Agent of Change: Kiprah Pemuda Dalam Upaya Meningkatkan Budaya Literasi di Daerah 3T (Terdepan, Terpencil dan Tertinggal)

Shidiq Umar Widodo – Mahasiswa Unmul

HARIANRAKYAT.CO, SAMARINDA – Di era ini tidak bisa dipungkiri bahwa budaya literasi peserta didik yang ada disuatu negara menentukan kemajuan pendidikan bangsa. Karena kemampuan berliterasi adalah modal awal untuk meraih kesuksesan dalam belajar bagi peserta didik.

Salah satu indikatornya adalah semakin baiknya tingkat literasi siswa ditandai dengan semakin baiknya pemahaman dan daya serap dalam proses pembelajaran (Ilma & Ibrohim, 2020). Pada tahun 2016 organisasi pendidikan, ilmu pengetahuan, dan kebudayaan PBB (UNESCO) melakukan penilitian terhadap 61 negara didunia yang dimana negara Indonesia tergolong sangat rendah dalam kebiasaan membaca.

Hasil riset yang diterbitkan dengan nama “The World’s Most Literate Nations”, menampilkan Indonesia terletak di peringkat ke- 60, berada satu tingkat diatas negara Botswana (Hutapea, 2019). Tidak hanya itu, UNESCO juga menginformasikan bahwa budaya literasi di Indonesia hanya mencapai 1 % yang menggemari aktivitas membaca serta 99 % tidak menggemari aktivitas membaca. Khususnya pada kalangan anak-anak budaya literasi masih minim karna banyak diantara anak-anak yang hanya membaca satu buku bahkan tidak sama sekali dalam satu bulan maupun satu tahun (Mulasih & Hudhana, 2020).

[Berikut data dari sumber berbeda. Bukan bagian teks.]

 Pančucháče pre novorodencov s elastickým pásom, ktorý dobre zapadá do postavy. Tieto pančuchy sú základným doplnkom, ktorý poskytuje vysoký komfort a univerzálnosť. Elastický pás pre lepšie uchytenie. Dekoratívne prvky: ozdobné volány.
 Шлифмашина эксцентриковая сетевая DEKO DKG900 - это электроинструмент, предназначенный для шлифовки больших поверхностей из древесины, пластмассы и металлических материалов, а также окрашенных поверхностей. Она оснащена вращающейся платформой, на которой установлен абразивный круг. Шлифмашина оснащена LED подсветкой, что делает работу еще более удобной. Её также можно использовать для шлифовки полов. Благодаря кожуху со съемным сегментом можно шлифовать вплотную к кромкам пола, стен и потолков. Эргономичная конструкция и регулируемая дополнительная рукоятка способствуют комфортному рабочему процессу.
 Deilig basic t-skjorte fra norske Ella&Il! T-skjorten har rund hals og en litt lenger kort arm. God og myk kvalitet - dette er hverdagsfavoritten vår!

Berdasarkan kajian yang dilakukan oleh Pusat Penelitian dan Pengembangan Kebijakan Pendidikan dan Kebudayaan Kementerian Pendidikan dan Kebudayaan, Lukman Solihin mengatakan, ada empat dimensi indeks literasi yang menjadi subyek kajian, yaitu dimensi kecakapan, akses, alternatif, dan budaya. Hasil survei dari keempat dimensi tersebut adalah dimensi kecakapan 75,92%, dimensi akses 23,09%, dimensi alternatif 40,49%, dan dimensi budaya 28,50% (Hutapea, 2019).

Beberapa kesenjangan ditemukan. Pertama, kesadaran yang sangat rendah tentang pentingnya membaca. Masyarakat berpikir membaca hanyalah menyia-nyiakan waktu saja. Kedua, mahalnya harga buku dan tidak adanya perpustakaan, terutama di daerah yang terpencil. Biaya buku mahal, sehingga relatif sedikit orang yang mampu membeli buku. Dan juga, membeli buku tidak dipandang sebagai kebutuhan. Membeli buku hanya di sekolah, dan anehnya saat itu, tidak semua siswa melakukannya. Sebagian kecil saja, orang- orang yang mampu dan suka membaca (Wahyuni & Pramudiyanto, 2015).

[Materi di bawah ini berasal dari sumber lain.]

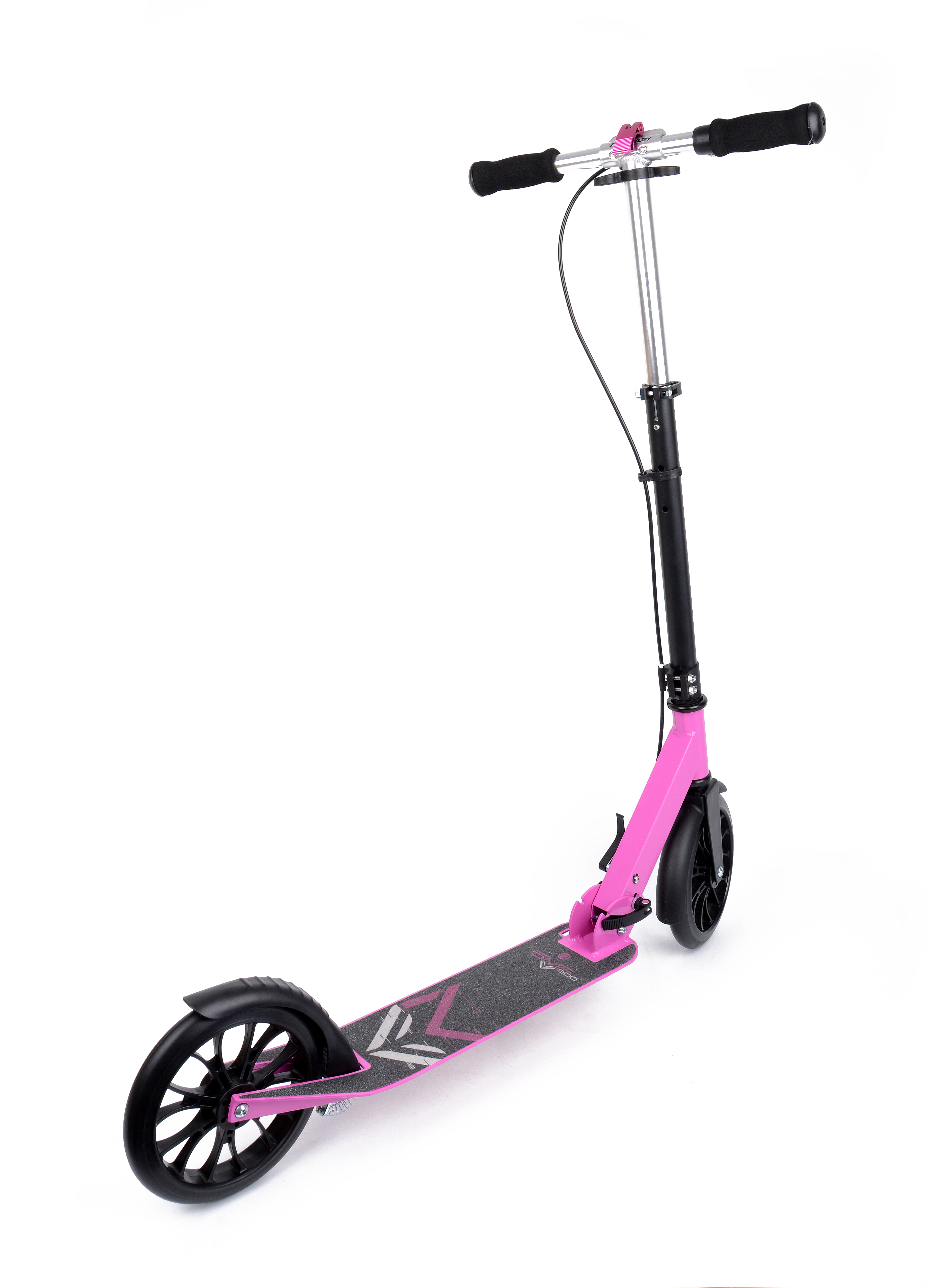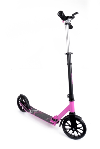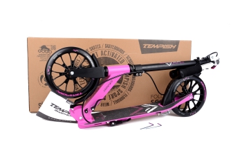 это складной самокат в ярком тоне, который подходит не только детям и подросткам, но и взрослым. Модель идеально подойдет для использования в городских условиях. Самокат максимально экономит место и легко складывается всего несколькими движениями. Вся конструкция складывается пополам по длине, а руль - по ширине. Руль регулируется по высоте и фиксируется быстроразъемным соединением. Материалом для самоката послужил легкий и прочный алюминий, благодаря чему он может выдерживать вес взрослого человека и при этом легок в транспортировке.

Baca juga  Pilkada Halmahera Tengah: Demokrasi Subtansial dan Dominasi Oligarki

Rendahnya kemampuan literasi peserta didik Indonesia menunjukkan bahwa interaksi pembelajaran yang terjadi selama ini belum sampai pada tahap mengembangkan motivasi keinginan untuk memperoleh ilmu pengetahuan (Ilma & Ibrohim, 2020). Khususnya di daerah 3T yang merupakan daerah terdepan, terpencil dan tertinggal di Indonesia. Sebagian besar daerah 3T merupakan jalur tapal batas Indonesia.

Antusias dan semangat mereka dalam belajar juga sangat rendah mengingat tidak adanya motivasi dari masyarakat daerah sekitarnya, terutama orang tua mereka yang kurang memotivasi pentingnya pendidikan. Sudah saatnya para pemuda berkiprah dengan adanya masalah ini karna pemuda adalah penopang kehidupan negara, dimana serah terima kemerdekaan Indonesia akan silih berganti dalam genggamannya. Banyak pemikiran dan perkembangan kreatif muncul karena bagian dari pemuda (Novembry & Zahroh, 2020).

Budaya literasi membutuhkan penyesuaian dan perhatian dilingkungan sekitar. Orang tua seharusnya mengarahkan anak-anak mereka sejak dini untuk suka membaca. Usia dini adalah usia yang cemerlang (golden age) dimana anak-anak memiliki ingatan yang panjang dan juga merupakan kesempatan cemerlang seorang anak muda untuk mempelajari sesuatu untuk mengembangkan motivasi keinginan untuk memperoleh ilmu pengetahuan (Mulasih & Hudhana, 2020).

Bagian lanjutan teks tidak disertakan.